= List of submerged places in the Republic of Ireland =

This is a list of submerged places in Ireland. Sometimes, entire villages are submerged under the waters of a reservoir. When the level of waters is low, the structures can emerge and be visible.

== Submerged villages and municipalities ==
A large area of countryside, about 5000 acre, was evacuated to create the Poulaphouca Reservoir in the 1930s and 1940s, including the village of Poulaphouca. 76 houses were also destroyed.

== Submerged landmarks ==
An ancient forest stood in the area between Bray, County Wicklow and Killiney before being submerged by rising sea levels c. 4000 BC. Under the Irish Sea is a "prehistoric palaeolandscape of plains, hills, marshlands and river valleys, in which evidence of human activity is expected to be preserved"; it has been compared to Doggerland in the North Sea.

Lough Nahaltora. County Mayo, contains a submerged forest from c. 2000 BC.

Rosslare Fort was submerged by a storm in 1924–25; a fort had stood on the promontory in Wexford Harbour since the 17th century.

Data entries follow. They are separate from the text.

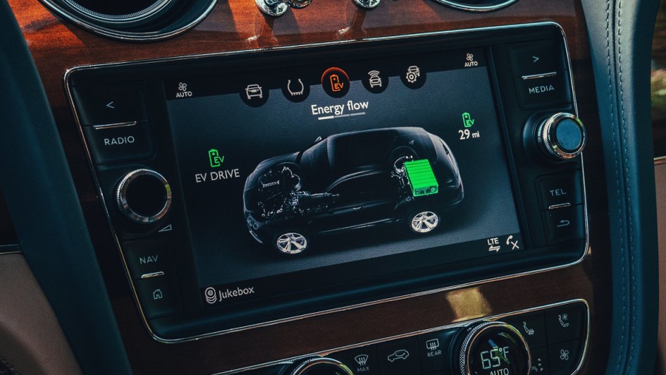 von 8: Der Akku lässt sich während der Fahrt nicht nachladen. Klar kann auch Bentley rekuperieren und die Bremsenergie in Strom umwandeln. Aber den Benziner etwas höher drehen zu lassen, um nebenbei ein bisschen Strom zu bunkern, das haben sich die Briten verkniffen.
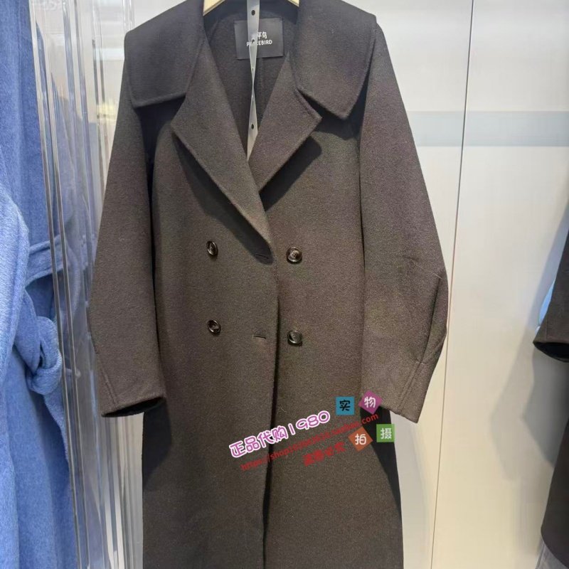 远家 纯羊毛双面呢灯笼袖大衣 宽松休闲中长款外套冬新Y-396限量
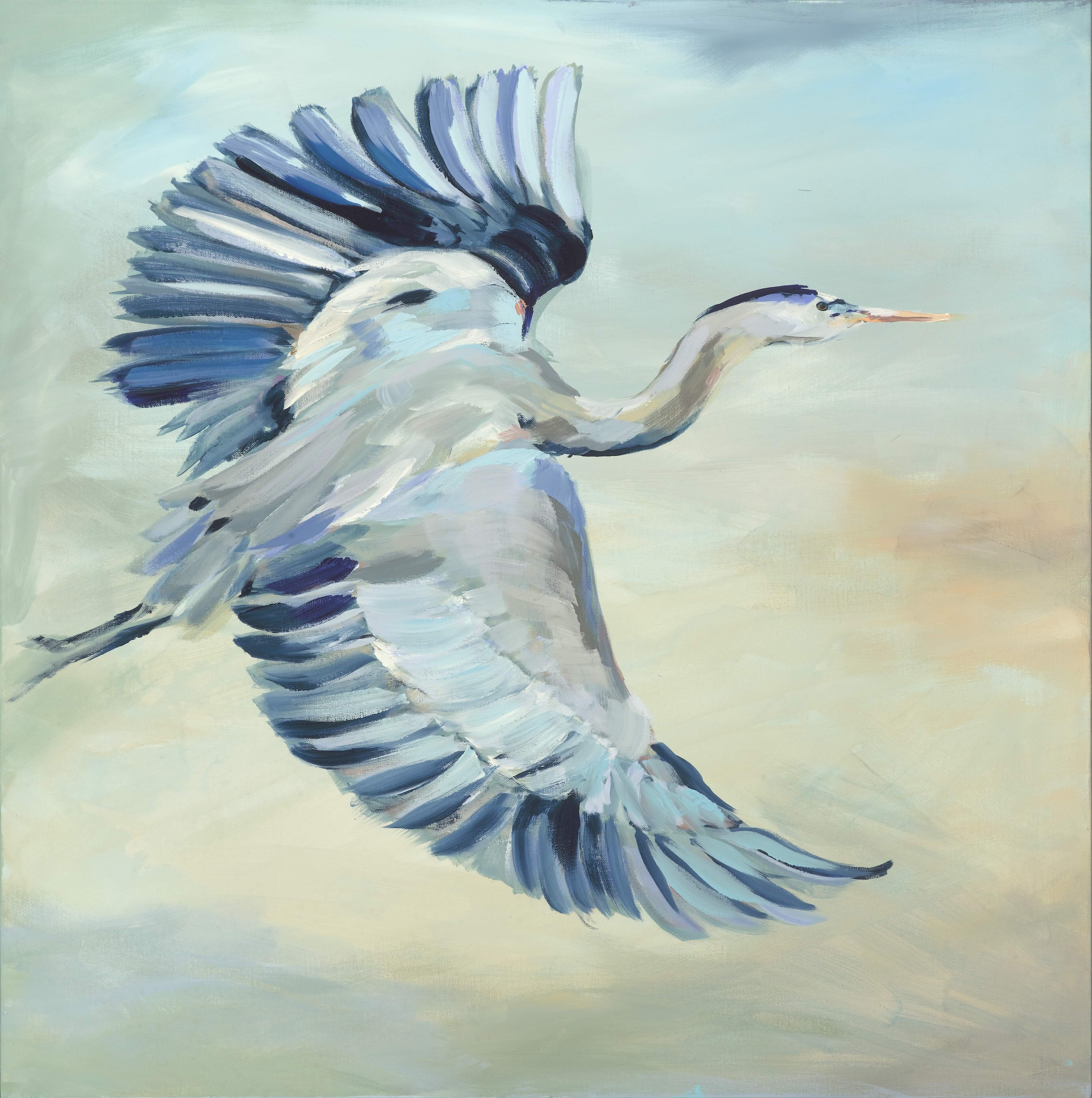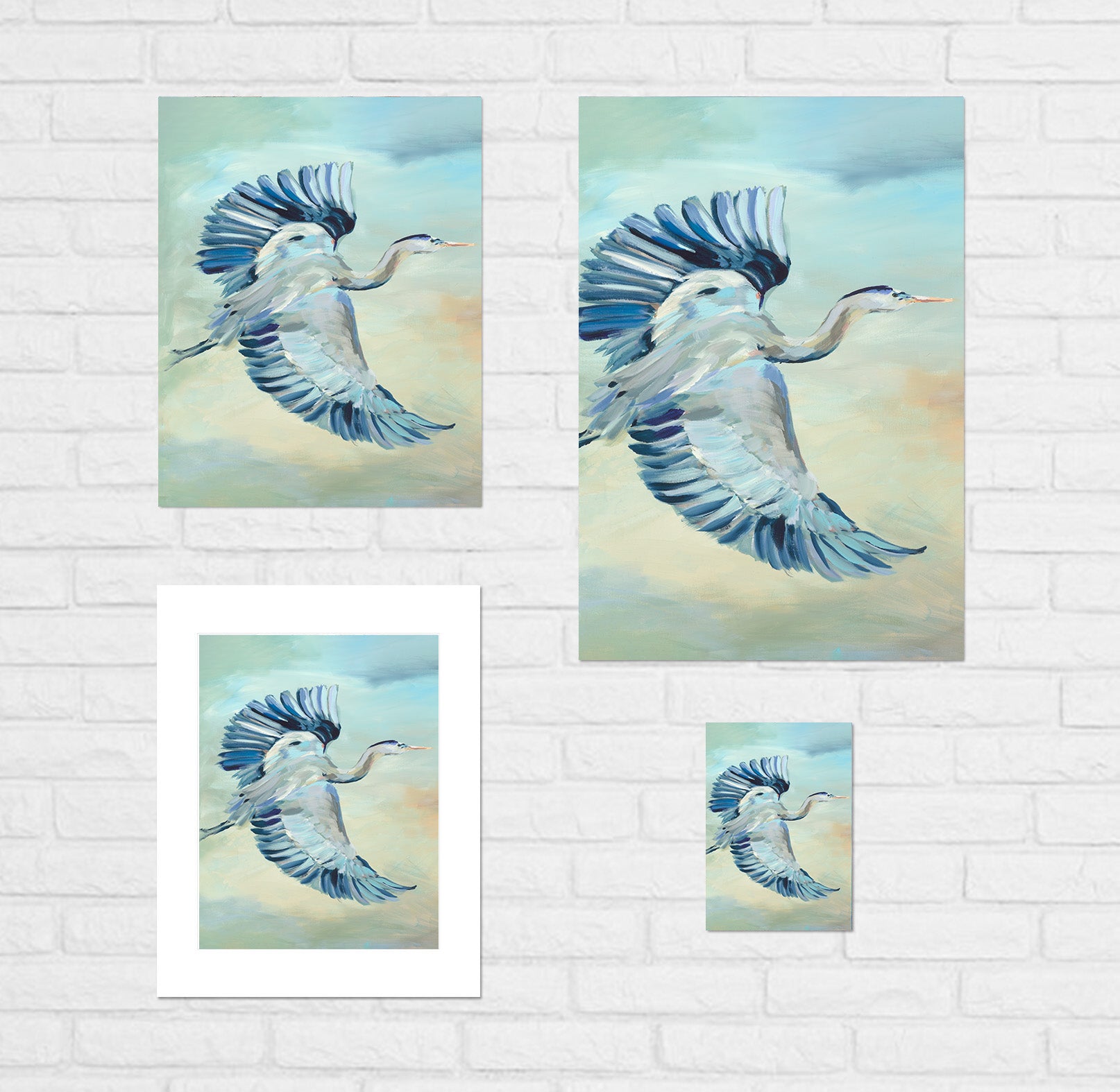 Heron in Flight, Print on Velvet Fine Art Paper, by Artist Kim Hovell

Other submerged sites, according to the National Monuments Service, include "landscapes, harbours, jetties, landing places, fish traps, kelp grids, bridge sites, crannogs and tidal mills."

== Moved landmarks ==
- St. Mark's Cross; formerly located in Burgage More, County Wicklow — this was flooded in the creation of Poulaphouca Reservoir and the cross moved to Blessington
- St. Molua's Church, Killaloe: constructed c. AD 1000 on Friar's Island in the River Shannon, to the south of Killaloe town. In 1929–30 the Shannon hydroelectric scheme raised the water level and submerged Friar's Island, and the church was dismantled and brought north to be constructed on its present site in the grounds of Killaloe Cathedral.